__THE PROBLEM__
Repeat only the lines below from the one containing "BREAKFAST BURRITO SCRAMBLED" through the one containing "Dans le cadre", inclusive, exactly as written.

[DATASET ENTRIES — start]

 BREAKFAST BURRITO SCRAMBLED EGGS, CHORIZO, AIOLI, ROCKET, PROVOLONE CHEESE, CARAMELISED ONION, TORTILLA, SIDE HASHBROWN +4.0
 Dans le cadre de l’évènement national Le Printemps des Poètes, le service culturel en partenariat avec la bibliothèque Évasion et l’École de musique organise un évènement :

[DATASET ENTRIES — finish]
[DATASET ENTRIES — start]

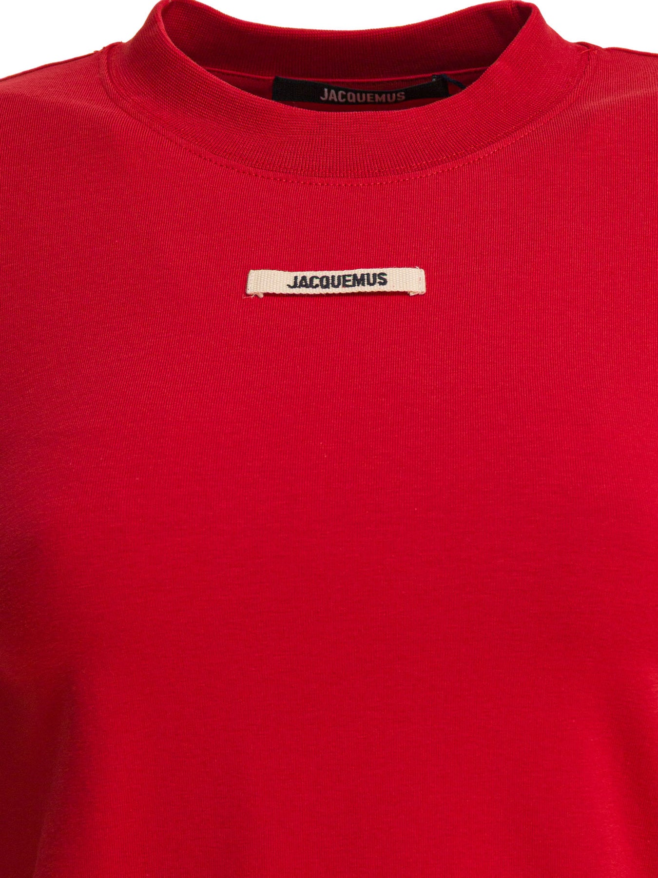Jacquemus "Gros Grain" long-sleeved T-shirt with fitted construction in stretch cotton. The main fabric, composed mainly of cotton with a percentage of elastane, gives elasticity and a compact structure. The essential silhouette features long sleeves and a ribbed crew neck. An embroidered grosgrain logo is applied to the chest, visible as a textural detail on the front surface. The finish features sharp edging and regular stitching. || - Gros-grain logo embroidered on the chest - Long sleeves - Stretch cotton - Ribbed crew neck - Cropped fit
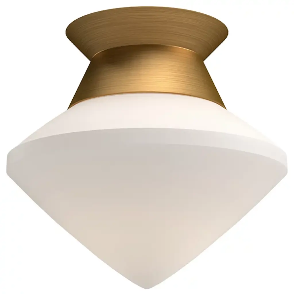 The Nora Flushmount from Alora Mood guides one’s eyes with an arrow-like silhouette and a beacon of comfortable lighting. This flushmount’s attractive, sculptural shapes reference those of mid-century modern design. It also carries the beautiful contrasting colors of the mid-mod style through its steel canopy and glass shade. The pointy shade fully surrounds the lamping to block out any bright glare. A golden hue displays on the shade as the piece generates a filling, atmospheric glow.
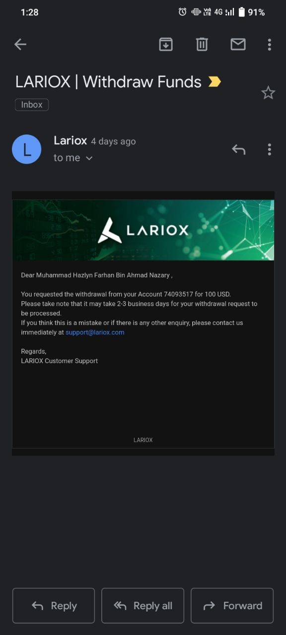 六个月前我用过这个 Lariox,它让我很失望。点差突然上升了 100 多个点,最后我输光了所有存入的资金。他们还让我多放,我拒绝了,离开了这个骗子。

[DATASET ENTRIES — finish]

__TASK RESPONSE__
 BREAKFAST BURRITO SCRAMBLED EGGS, CHORIZO, AIOLI, ROCKET, PROVOLONE CHEESE, CARAMELISED ONION, TORTILLA, SIDE HASHBROWN +4.0
 Dans le cadre de l’évènement national Le Printemps des Poètes, le service culturel en partenariat avec la bibliothèque Évasion et l’École de musique organise un évènement :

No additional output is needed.